● **WORK ITEM**
Begin with the line that holds "trzciniaków. Obie płcie" and retype through the last line of the listing below, exactly; pictures are not part of the copy.

● **SOURCE DATA**
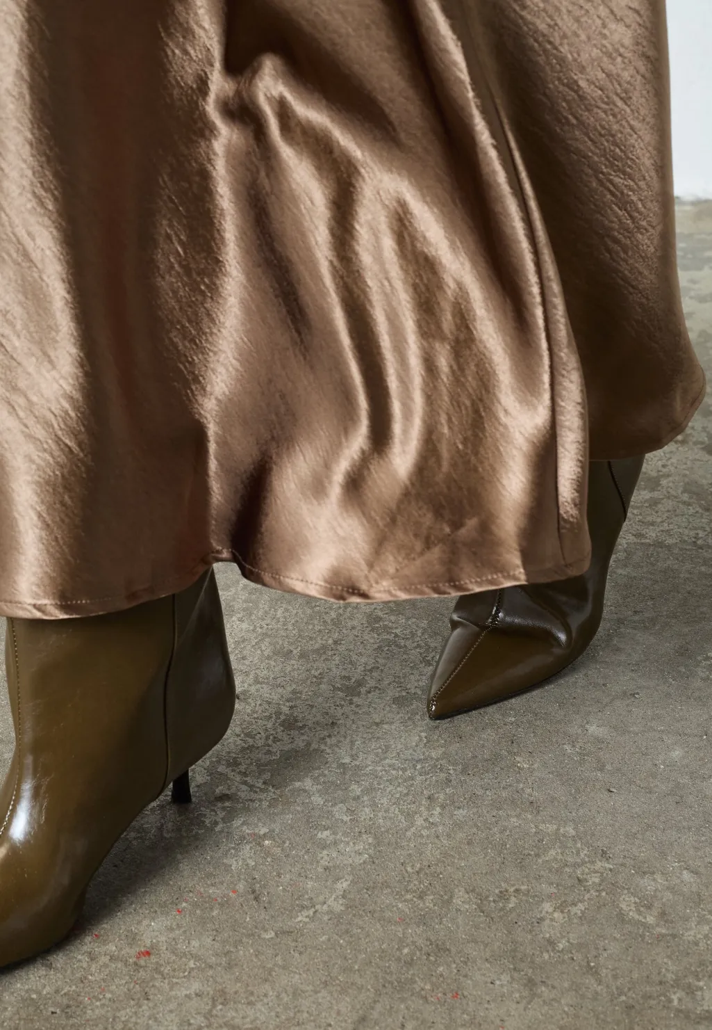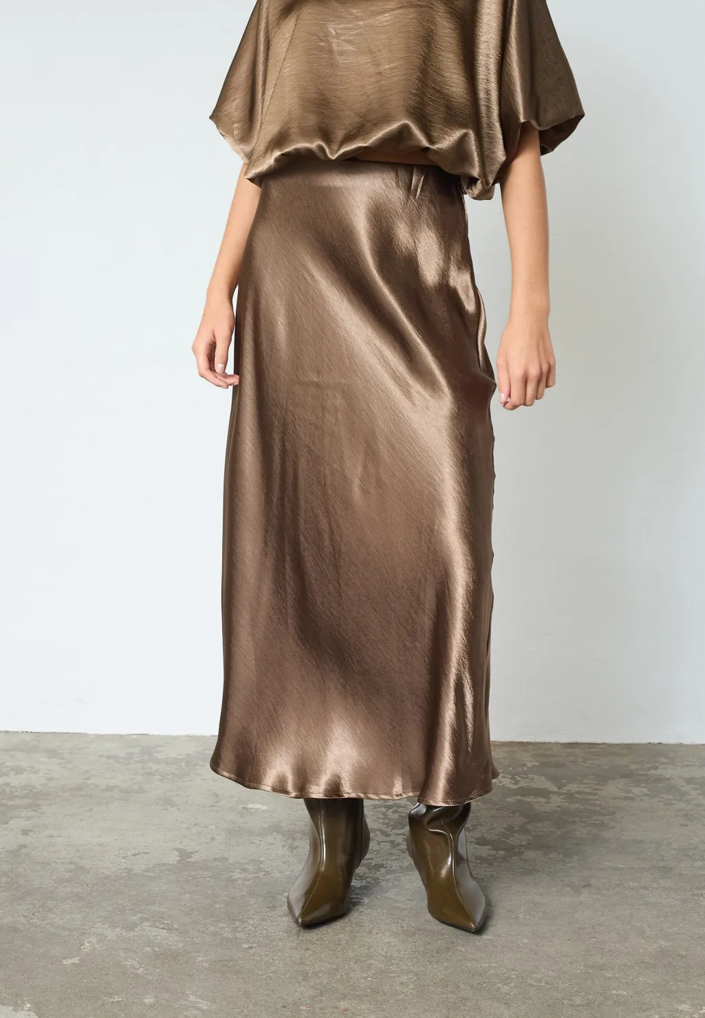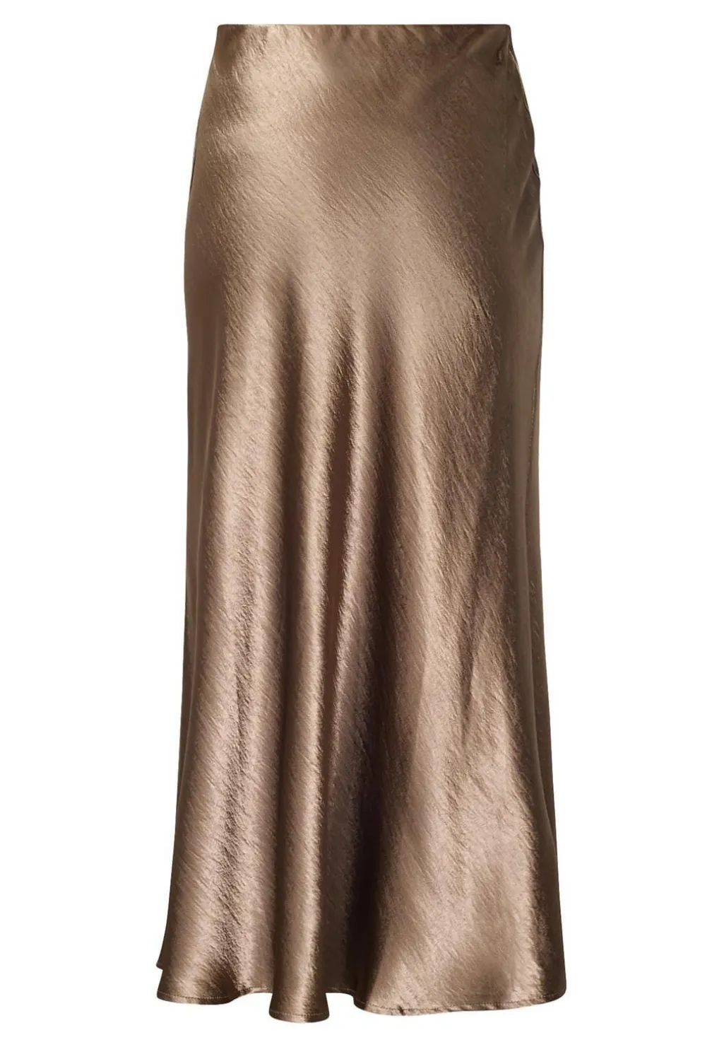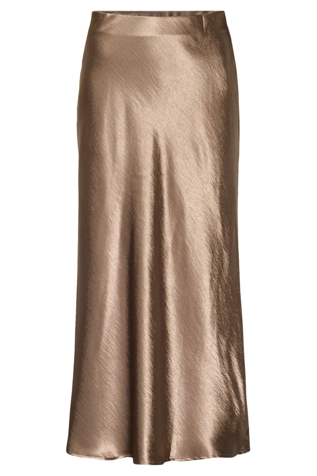 Satinnederdel fra Sisters Point i en jordfarvet nuance med brune og gyldne toner. Nederdelen har en A-line-facon og en glat, skinnende overflade.
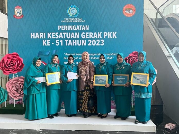 Tim Penggerak PKK Kota Makassar, memperingati Hari Kesatuan Gerak (HKG) PKK ke-51 tahun 2023. Peringatan hari jadi tersebut berlangsung di Upper Hills Convention Hall, Senin, 16 Oktober 2023.
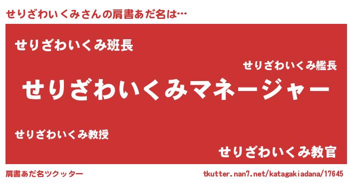 | 男性向けラノベタイトル風あだ名 | 『はたらくせりざわいくみさま!』 |
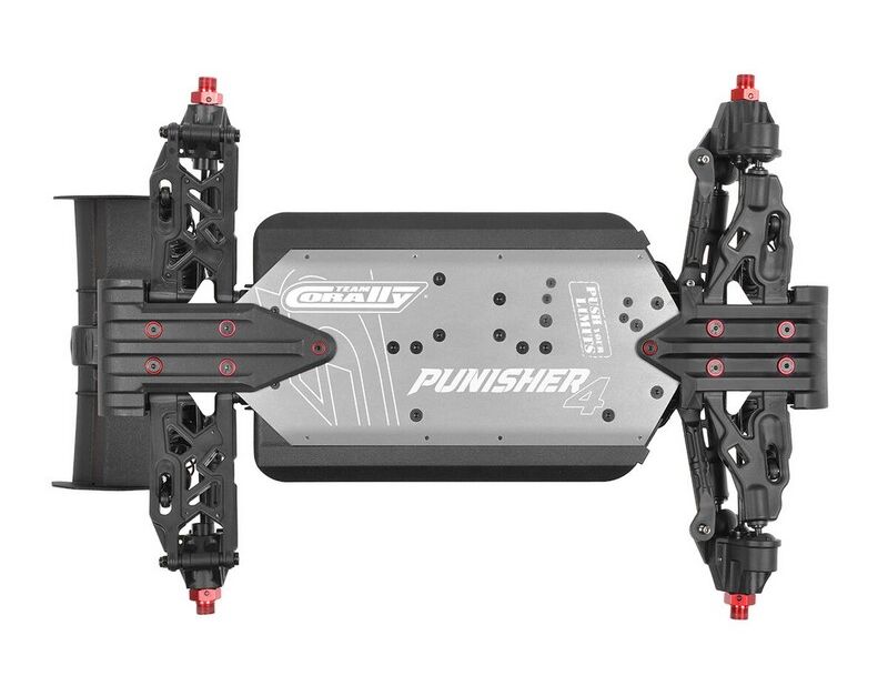 Während der Punisher4 bereit zum Erobern ist, bietet Team Corally eine Reihe von Tuningteilen für diejenigen an, die seine Leistung noch weiter steigern wollen. Sein geringes Gewicht, sein reaktionsschnelles Handling und seine hohen Geschwindigkeiten machen den Punisher4 zu einem Traum, den man sofort nach dem Auspacken fahren kann.
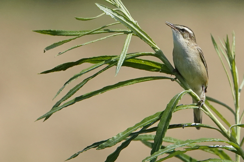 trzciniaków. Obie płcie ubarwione są jednakowo. Brązowa głowa z białawymi brwiami i ciemnymi pręgami nad
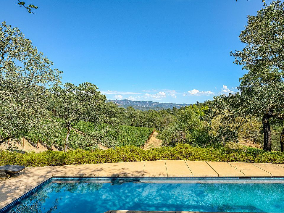 Two story wine country estate on a private 15 acre knoll with 2 stone fireplaces, gourmet kitchen and drop dead gorgeous views over the upper Napa Valley. Pool looks out over the estate Napa Cabernet Sauvignon vineyard and the upper Napa Valley. Large stone outdoor BBQ. Roomy 1 bedroom guest house with kitchen, bathroom and washer/dryer. Second double car garage with large wine cellar. Studio apartment with bathroom.
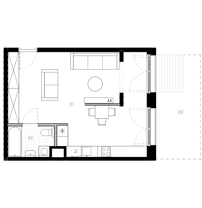 Budynek 1.3|Klatka 1|Piętro 0|1 pokój
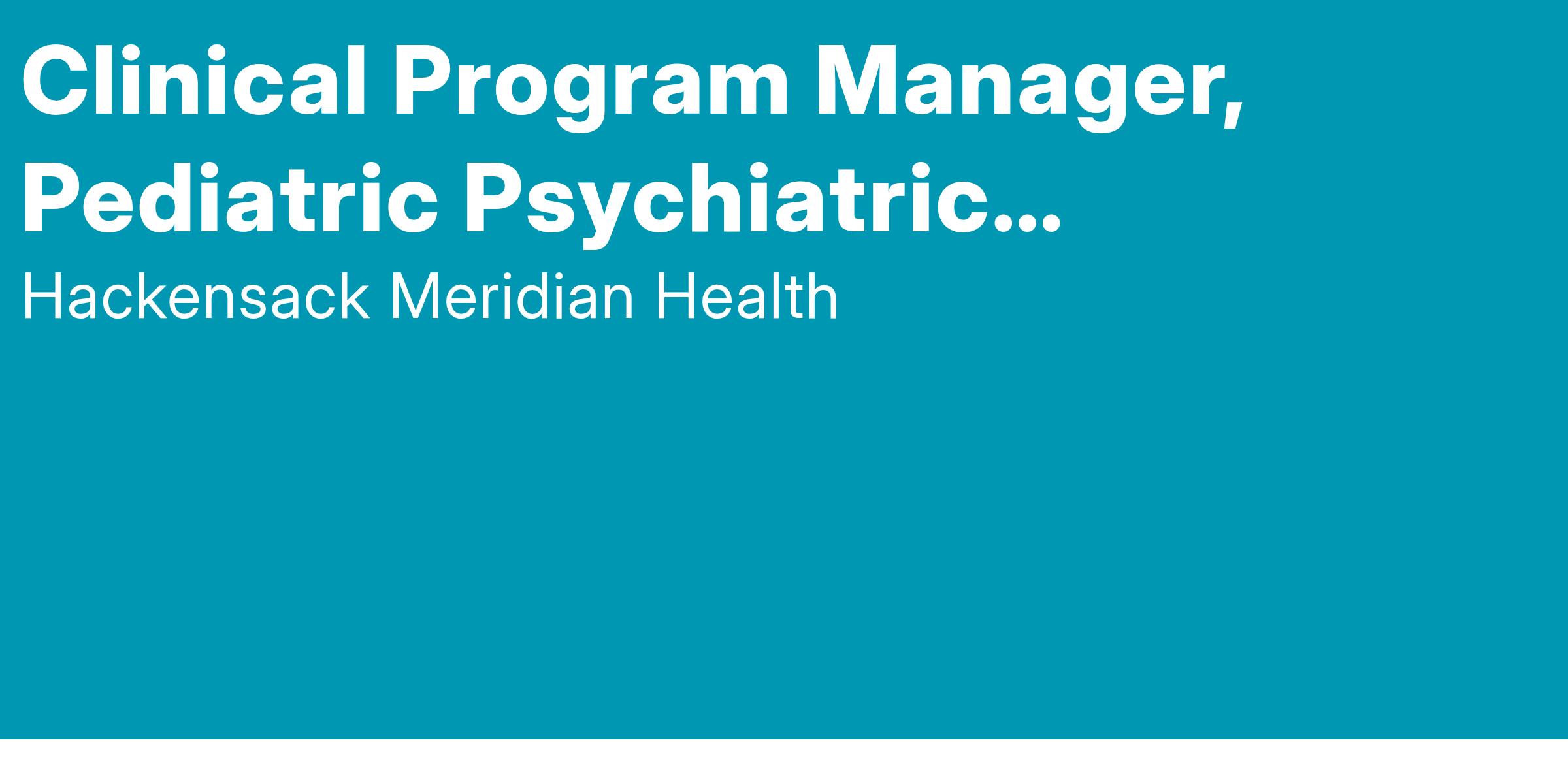 The Clinical Program Manager for the NJ Pediatric Psychiatry Collaborative (NJPPC), in partnership with the Clinical Operations Manager and Medical Director, is responsible for the daily operations of the designated NJPPC hubs throughout the state of NJ. The leader models behaviors that promote patient safety and patient/family satisfaction.

● **YOUR SOLUTION**
 trzciniaków. Obie płcie ubarwione są jednakowo. Brązowa głowa z białawymi brwiami i ciemnymi pręgami nad
 Two story wine country estate on a private 15 acre knoll with 2 stone fireplaces, gourmet kitchen and drop dead gorgeous views over the upper Napa Valley. Pool looks out over the estate Napa Cabernet Sauvignon vineyard and the upper Napa Valley. Large stone outdoor BBQ. Roomy 1 bedroom guest house with kitchen, bathroom and washer/dryer. Second double car garage with large wine cellar. Studio apartment with bathroom.
 Budynek 1.3|Klatka 1|Piętro 0|1 pokój
 The Clinical Program Manager for the NJ Pediatric Psychiatry Collaborative (NJPPC), in partnership with the Clinical Operations Manager and Medical Director, is responsible for the daily operations of the designated NJPPC hubs throughout the state of NJ. The leader models behaviors that promote patient safety and patient/family satisfaction.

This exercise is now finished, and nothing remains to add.